At presentation to Auckland City Hospital she was clinically in left ventricular failure with a raised jugular venous pressure. Neurological examination disclosed features of a common peroneal nerve palsy, presumed to be a manifestation of mononeuritis multiplex. Investigations showed a leucocytosis with extreme eosinophilia (white cell count 28.3×109/l, eosinophils 13.3×109/l) and erythrocyte sedimentation rate of 40 mm/1st h. Renal function and liver function were normal. Troponin T was raised at 0.64 μg/l (normal <0.03 μg/l), indicating myocyte injury. She was antineutrophil cytoplasmic antibody and antinuclear antibody negative. There was moderate left ventricular impairment on echocardiogram, with an ejection fraction of 45% and a small pericardial effusion. Chest radiography showed cardiomegaly and a fine nodular pattern at the lung bases, which resolved after starting treatment. Attempts to confirm vasculitis on sural nerve and muscle biopsies were unsuccessful.

This patient fulfilled American College of Rheumatology criteria for a diagnosis of Churg-Strauss syndrome (CSS).1 As there was evidence of cardiac injury, she scored 1 on the five factors score.2

She was treated with prednisone initially at 1 mg/kg (later tapered to 15 mg/day) and given monthly pulse cyclophosphamide at 0.5 mg/m2, to continue for 12 months according to the protocol proposed by Guillevin and Pagnoux.3 She has responded well symptomatically with normalisation of the eosinophil count and erythrocyte sedimentation rate. On echocardiography, the ejection fraction remains unchanged but the pericardial effusion has resolved.

DISCUSSION

Our patient’s experience raises several interesting points. To our knowledge, this is the first case reported in Australasia of CSS occurring in a patient who had received LRA treatment. A possible causal association between the use of zafirlukast and CSS was first suggested in 1998.4 The New Zealand Intensive Medicines Monitoring Programme has prospectively monitored adverse events in 1535 patients who received prescriptions for montelukast from 1999 to the present.5 Forty three adverse events were considered associated with montelukast, but these did not include CSS or related features. The annual incidence of CSS in patients with asthma has been estimated at 64.4 per million patients.6 Thus, any link between montelukast and CSS may not have been detected owing to the small size of the cohort as LRA have not been widely used in New Zealand.

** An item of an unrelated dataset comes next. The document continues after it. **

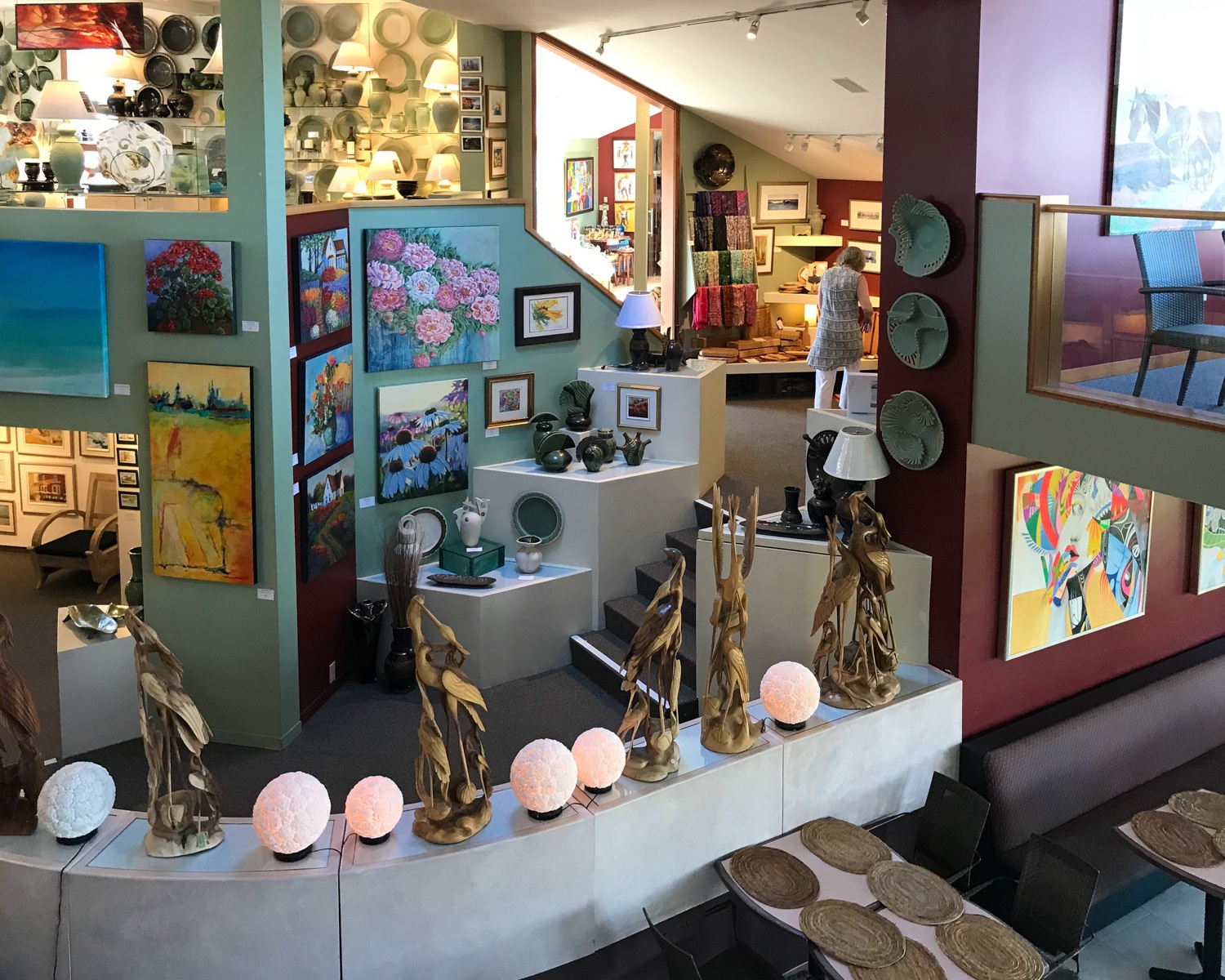 The gallery features the pottery of owners Peter and Joel as well as supporting local artists. Colourful paintings and prints of over 50 artizans are on display.

In most reports of CSS occurring in patients receiving LRA, extrapulmonary vasculitic features have developed after steroid reduction.7,8 It has been proposed that this may be because vasculitis has been “unmasked” by reduction of previously suppressive doses of steroid.7 This would not apply in our patient as she developed features of CSS after receiving a stable dose of 7.5 mg of prednisone for 12 months.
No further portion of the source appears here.